Larger local reactions which appear as extreme redness and swelling may expand over a couple of days and might require seeing a prescriber.  These reactions may take a few days to dissipate (5-10 days).  This should be treated like a minor local reaction and a physician might add an oral steroid for treatment.2,3,5

Severe allergic reactions such as anaphylaxis may also occur.  This would include hives, itching, difficulty breathing, swelling of the throat and tongue, weak rapid pulse, dizziness, and loss of consciousness.  Treatment for anaphylactic reactions involves the use of an EpiPen (epinephrine shot) and 911 should be called immediately.2,3,4,5

Prevention:  It has been found that taking an oral antihistamine before being stung (premedicating), significantly decreases the reaction.  Although some would argue that antihistamines such as Benadryl increase drowsiness which decreases performance, non-drowsy antihistamines such as Claritin, Zyrtec, and Allegra do not alter performance and may already be taken daily for seasonal allergy symptoms.  If one does not have seasonal allergies and does not already take such medications, premedicating before going outside every day may become burdensome.3

In patients who already know they have a high propensity to severe allergic reactions with insect stings, one should be advised to carry an auto-injector and to wear a medical alert bracelet in case an emergency were to happen.3

Citations

1. Visscher, P., & Vetter, R. S. Removing bee stings.
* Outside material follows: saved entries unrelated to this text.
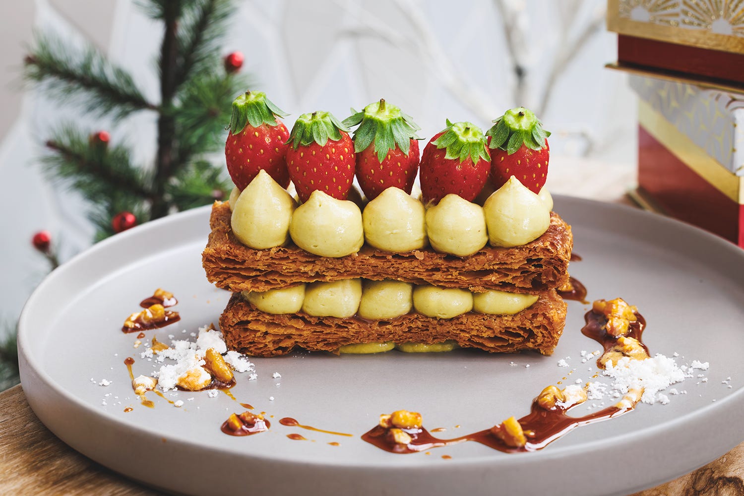 今冬は、イチゴやピスタチオといったクリスマスにふさわしい彩り豊かな食材を使用したスイーツが期間限定で登場。人気の「季節のミルフィーユ」は、昨年も好評だったイチゴ&ピスタチオクリームのクリスマスバージョン。フワッと口溶けの良いクリームと特徴で、華やかなホリデーシーズンにぴったりな一皿。
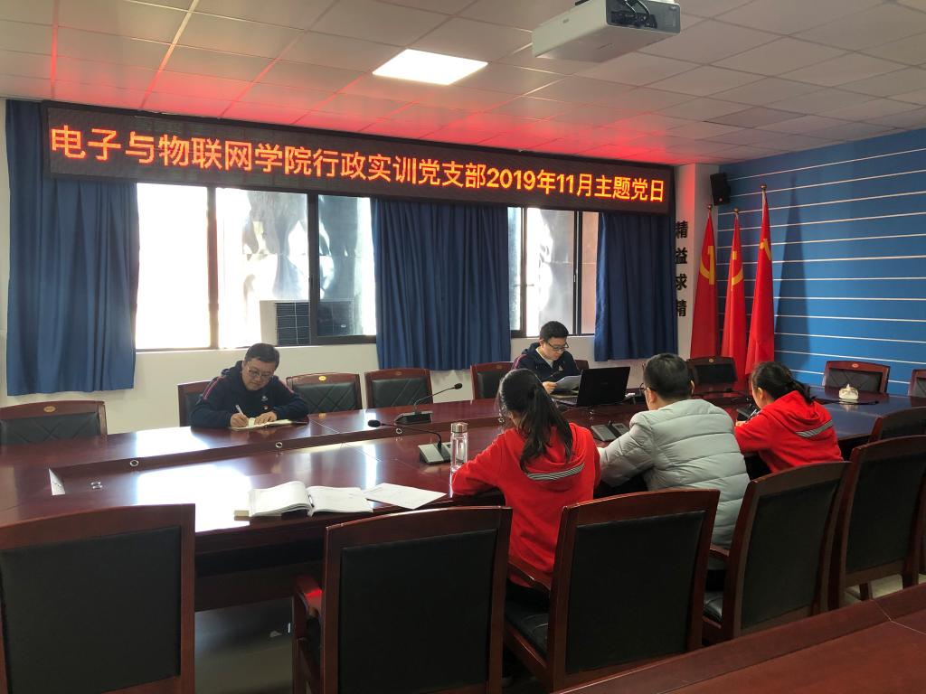 11月14日下午14:30,电子与物联网学院党总支行政实训党支部在南校区12507A会议室召开主题为“对照党章党规找差距,检视反思突出问题”的主题党日活动。本次主题党日活动由廖金权同志主持,共6名党员参会。
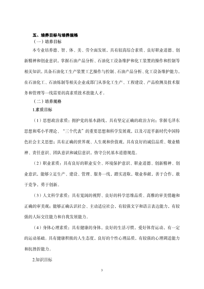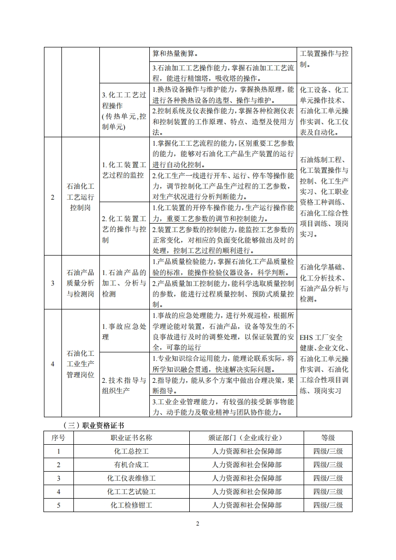 高等职业技术教育《石油化工技术》专业人才培养方案(普招三年制)2019级一、专业名称及代码(一)专业名称:石油化工技术(二)专业代码:570203二、入学要求(一)招生对象:高中(中职)毕业生(二)招生类型:文理兼收三、修业年限三年(全日制)四、职业面向(一)职业面向本专业主要面向石油化工生产装置操作、工艺运行、技术管理、生产建设及服务等一线工作。本专业主要就业单位有:炼油、化工、能源、环保等企业及部门。主要就业岗位:石油化工生产装置操作与维护岗、石油化工工艺运行控制岗、石油产品质量分析与检测岗、石油化工工业生产管理岗位。其它就业岗位:有机化工、煤化工产品生产岗位;化工产品分析检测、反应器操作与控制岗位;化工设备使用与维护等操作岗位;化工外操现场巡检、事故应急处理、技术指导与组织生产等生产管理岗位。(二)职业岗位与职业能力分析序号工作岗位典型工作任务职业能力支撑课程1化工管路阀门安装能力,能识图、会选型、能1.化工设备管安装。化工设备、路安装,化工设化工制图及2化工设备维护能力,能识图,能巡回检查,能石油化工备使用与维护AutoCAD.进行同步、协同检修。生产装置11反应设备操作能力,能进行釜式反应器、固化操作与维高分子化学、石2.化工工艺过护岗床反应器、流化床反应器、管式反应器的操作。油化学基础、化程操作(分离、2.有机化工工艺操作能力,掌握化工生产过程中工分析技术、物反应单元)的常用指标与催化剂,能进行催化氧化、催化理化学、化工单加氢、芳烃转化、羰基合成等的操作及物料衡元操作技术、化
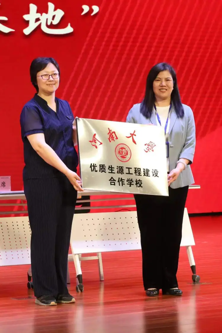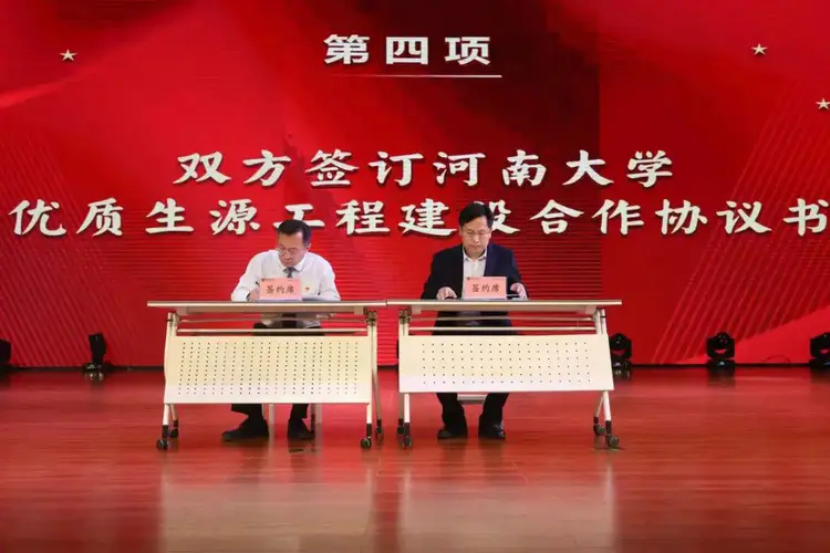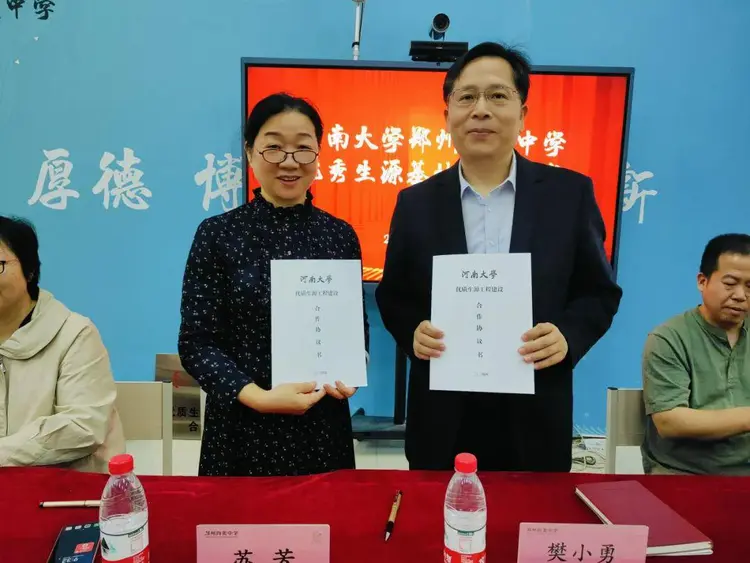 樊小勇指出,郑州市第十八中学是一所历史悠久的学校,多年来为河南大学输送了众多优秀毕业生,双方有着深厚的友谊。他希望有更多学子报考百年学府河南大学,双方携手共同探索培养高质量人才的新路径,并与魏勇现场签订了河南大学《优质生源工程建设合作协议书》。周青向段亚萍授予“河南大学优质生源工程建设合作学校”牌匾。
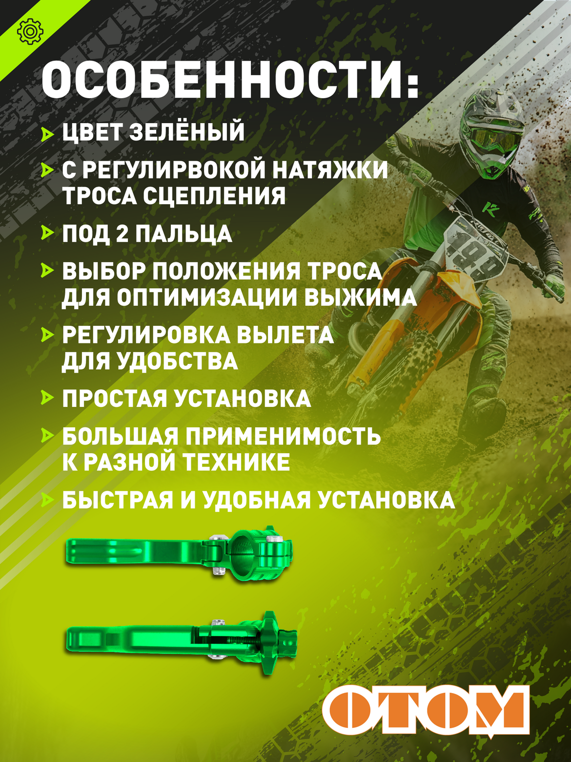 • • Устанавливается практически на любой тип мототехники с тросовым сцеплением
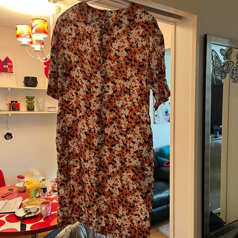 Siisti mekko.Väri sininen/musta/valkoinen.Mekossa on vuori,taskut ja vyönauha.Polvipituus,puolipitkät hihat.Ostin täältä ei tullut käyttöön.
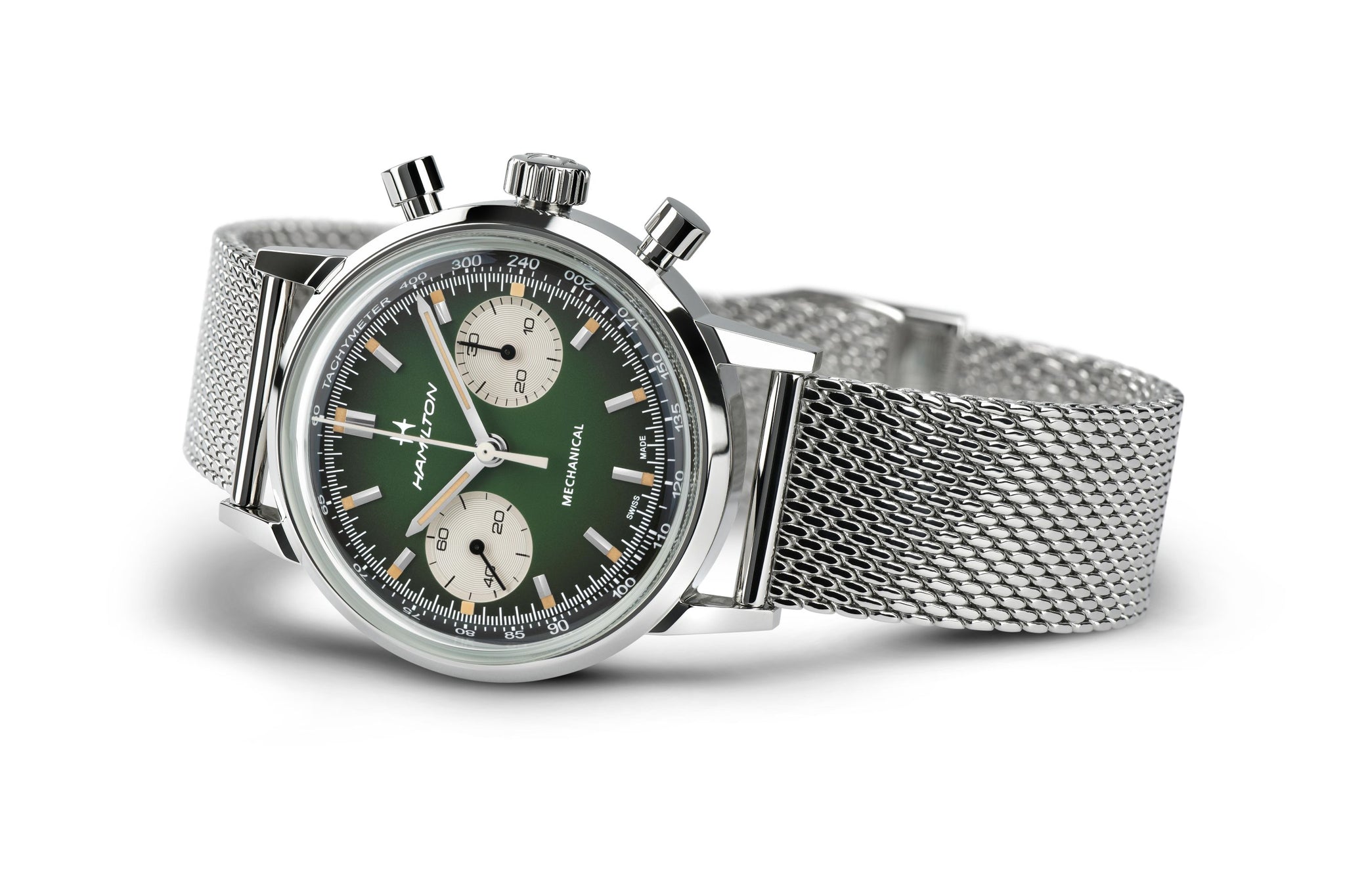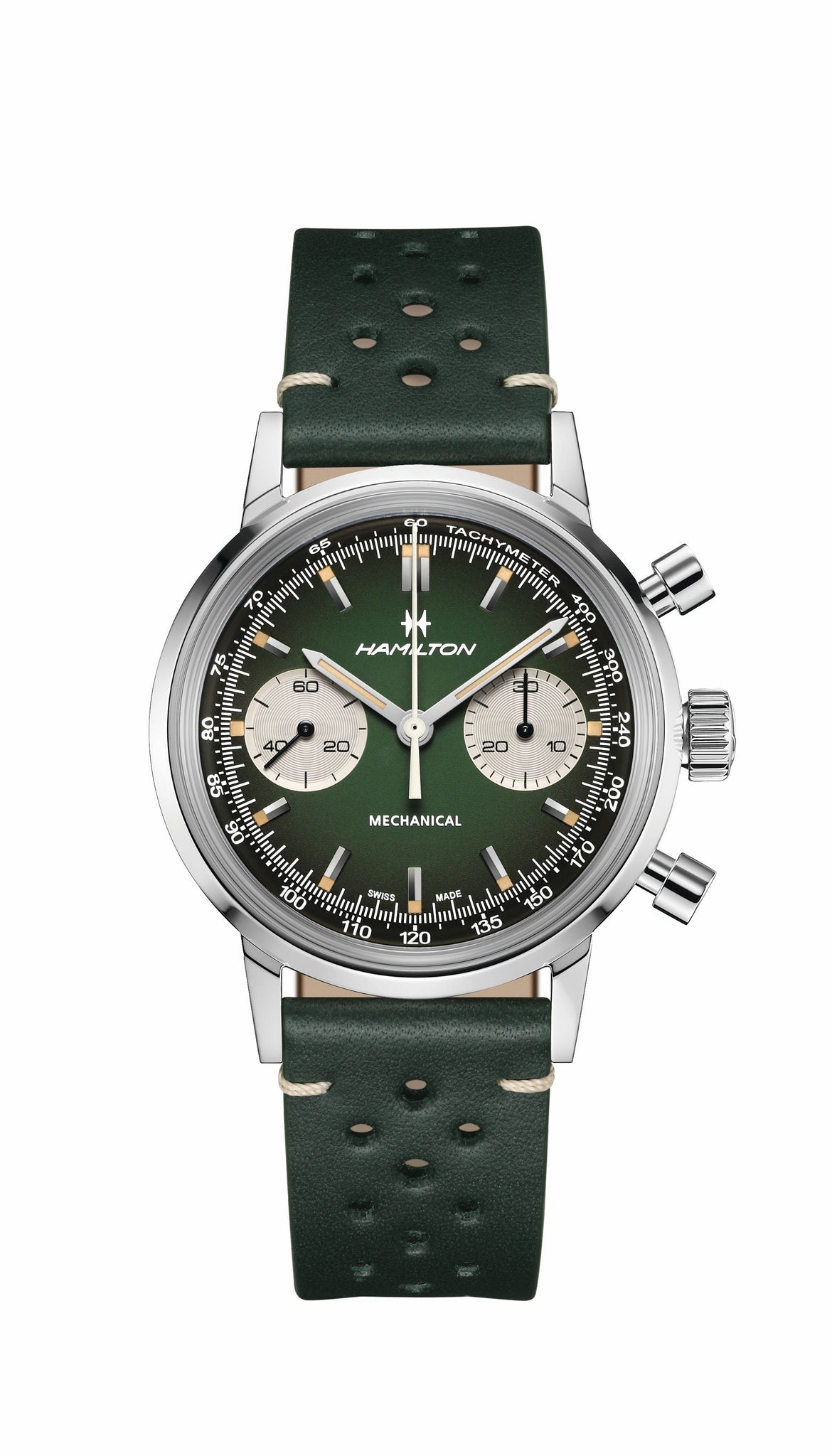 L’American Classic Chronograph 40 mm in verde intenso interpreta in chiave contemporanea l’estetica delle corse automobilistiche vintage. La finitura fumé aggiunge profondità alla tonalità intensa del quadrante, mentre il cinturino traforato rende omaggio al design classico del motorsport. Corredato da un secondo versatile bracciale in maglia fornito nella confezione, questo cronografo automatico unisce lo spirito pionieristico di Hamilton a un look pronto per la corsia di sorpasso.

Lancet 1996; 348(9023), 301.
2. Mayo Clinic Staff.  Bee Stings.  The Mayo Clinic.  07/07/2012.  http://www.mayoclinic.com/health/bee-stings/DS01067/.
3. Management of Insect Bites.  Pharmacist’s Letter 2008; 24(8):240815.
4. Freeman TM.  Hypersensitivity to Hymenoptera Stings.  N Engl J Med 2004; 351:1978-1984.
5. How to Manage Bites and Stings.  Pharmacist’s Letter 2012; 28(6):280613.